Digital gender gap: Linkedin is a sausage fest

von sonicboom

There is a gender gap on Linkedin. In almost all professional fields, there are more men than women. Recruiters prefer men and female profiles are clicked less often.

Linkedin is a male domain. The gender gap on the career platform is enormous. The network has 774 million users worldwide. Only 43 percent of them are female, 57 percent are male. In Austria and Germany, the difference is even more severe, with 61 percent to 39 percent in each country. These statistics also have implications for the job market. After all, Linkedin is not only a business network, but also a job exchange. The platform places four people in a new job every minute.

Gender Gap on Linkedin: Men get more clicks

However, if the pool of applicants is dominated by men, they also benefit disproportionately in the job search. According to Linkedin itself, the probability that a profile will be clicked on is 13 percent higher if it is a man. One reason for this, Linkedin believes, is the humbleness of women. In America, they would put 11 percent fewer skills on their profiles. But profiles with five or more skills have 17 times more visitors than profiles with fewer details.

Within individual sectors, some enormous gender gaps occur on Linkedin in the German-speaking market. In just two sectors, there are as many women as men on the platform. In NGOs and in the wellness and fitness sector. In all other professional fields, there are exclusively more men than women. Even in health care, which is dominated by women in practice.

Female and male industries on Linkedin

Within the industries, the picture then is that in public safety, women make up just 18 percent. In construction, it’s just 19 percent. In energy and mining, it’s just 25 percent. An obvious explanation would be that these sectors are “men’s occupations.” This is true to the extent that many skilled trades occupations in this sector are male-dominated. However, these professions tend not to be represented on Linkedin. This means that management and leadership functions in the companies with the highest turnover in this sector are also male-dominated.

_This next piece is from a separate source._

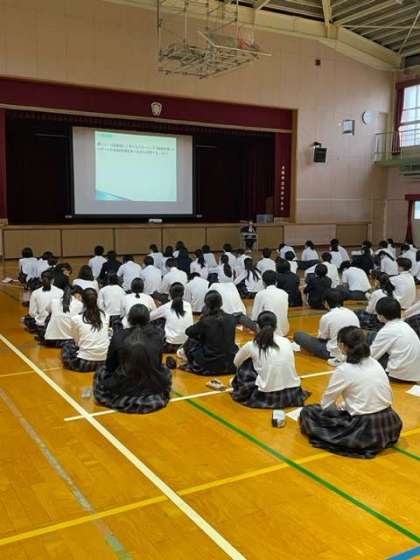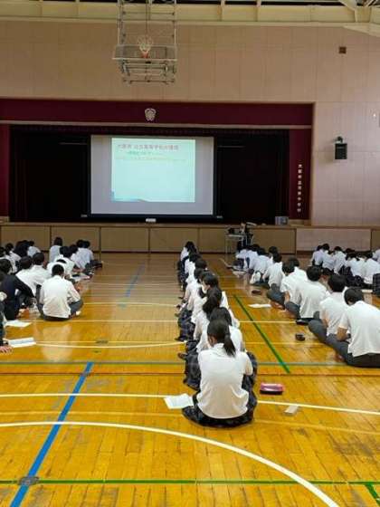 3年生になって初めての進路学習でした。自分の未来を見据えて、真剣な眼差しで話を聞いていました。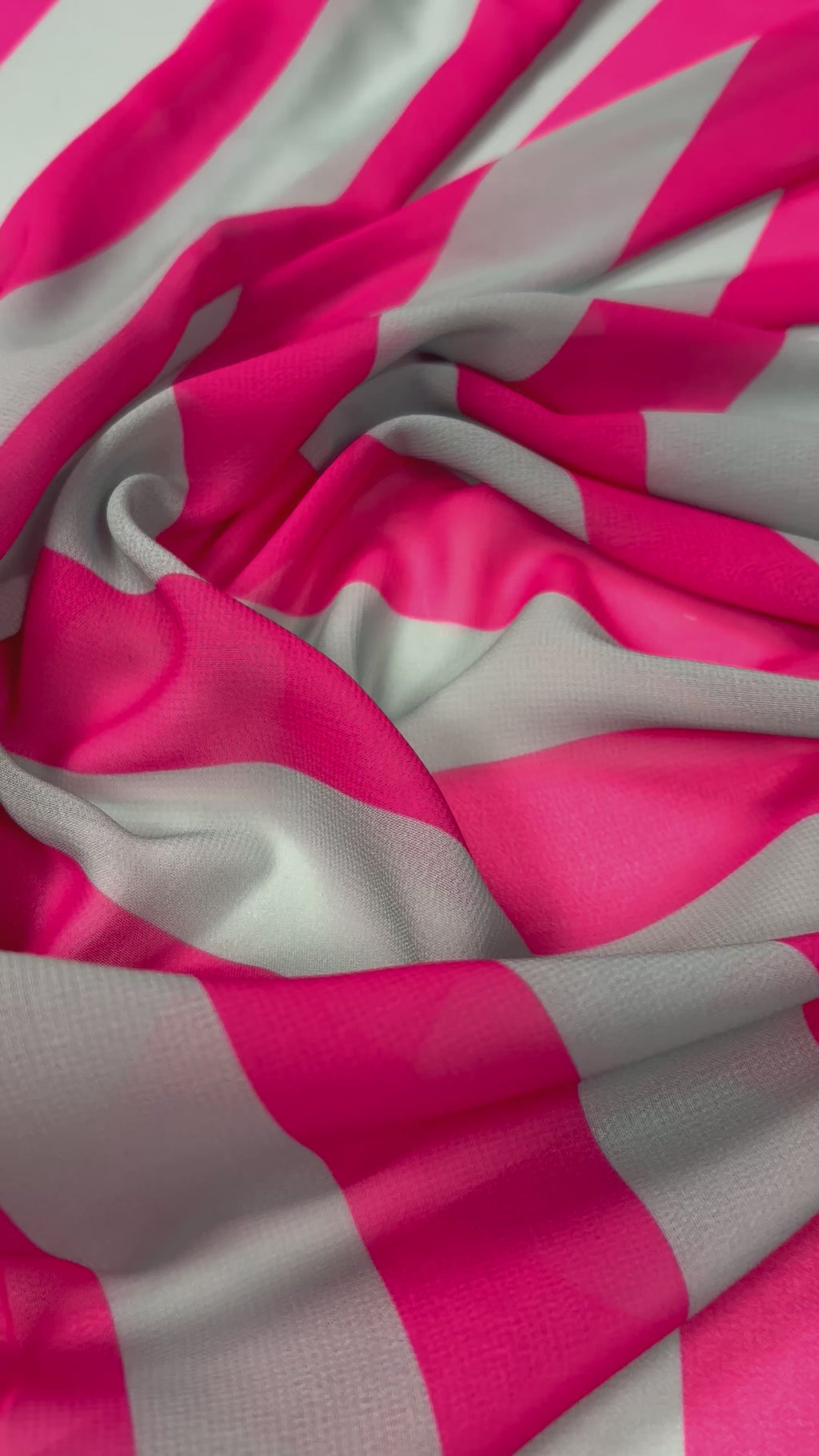 Lightweight chiffon with fresh pink and mint stripes and a soft drape. Perfect for flowing dresses, blouses, scarves and summer fashion. Sold by the metre.

And this is true even in industries where even the perceived female quota of public debate is higher. Even in real estate (36 percent women), consumer goods (31 percent) and even retail (37 percent), women are underrepresented on Linkedin.

Gender Gap: From Linkedin to the Real World

It doesn’t stop at a digital phenomenon. The negative impact of the gender gap on Linkedin in the real world of work is noticeable. So strong, in fact, that Oxford University professor Ridhi Kashyap and doctor Florianne Verkroost have dedicated a separate study to them in 2021. They emphasize that digital networks can help especially those who have a harder time on the job market due to skin color, gender, or origin. In addition, men are statistically more likely to participate in networking activities outside of working hours than women. Especially if there are children in the household. Networks like Linkedin, in theory, serve as a flexible compensation for this.

And Linkedin data does indeed accurately reflect equality in real life. The network is available in two hundred countries around the world. In 34 of them, there are as many or even slightly more women registered on the platform as men. Data from the International Labor Organization (ILO) shows that 29 of these countries (including Latvia, Lithuania, Myanmar, and Vietnam) also have better occupational gender equality.

Difference between Linkedin in the USA and in the DACH area.

The difference between the US and the DACH market is less clear than thought. The American Linkedin user base is a bit more female. In total, there are more or at least the same number of women in five of 23 industries: legal services, nonprofits, humanities, healthcare, and wellness and fitness. The education sector, which spans many industries, is also female-dominated. It’s a statistic that points to a future with more equality.

That women are being disadvantaged in the workforce is nothing new. The ILO calculates that in managerial, professional and technical occupations, the proportion of women is just 45 percent. The difference is particularly clear in management positions. Two-thirds are held by men. In Austria, not even a quarter of the supervisory boards of the 200 companies with the highest turnover are female (Germany: 30 percent) and a whopping 91 percent of managing directors are male (Germany: 85 percent).

All this has an impact. According to Eurostat, women in Austria earn 19 percent less than men. In Germany, the figure is 18 percent. The EU average, which is also not exhilarating, is 13 percent. Expressed in euros, this means that women are paid 670,000 euros less than men during their working lives. Men receive 1.5 million euros, women only 830,000 euros. This is why women receive only 68 percent of men’s pensions and are at massive risk of poverty in old age.

Gender gap is a structural problem

In the public debate, it is often pointed out that women take care of children or elderly relatives. That they take lower-paid jobs or part-time employment. But these are not voluntary choices in their mass. “If 75 percent of all mothers with children work part-time, no one can tell me that this is an individual problem – instead, we have to address it structurally,” explains Katharina Mader, an economist at the Vienna Chamber of Labor. And this structure would look like giving men more tax relief and social policy subsidizing the concept of the mother and housewife.

One approach to solving the problem could be to bring classic male and female occupations into line in terms of pay. This is the case in New Zealand. If two professions require a similar amount of training and have a comparable workload, the salary should be equalized. An example would be physically demanding nursing professions, in which women are predominantly employed, and male-dominated road construction. New Zealand has thus raised pay in the education sector in particular.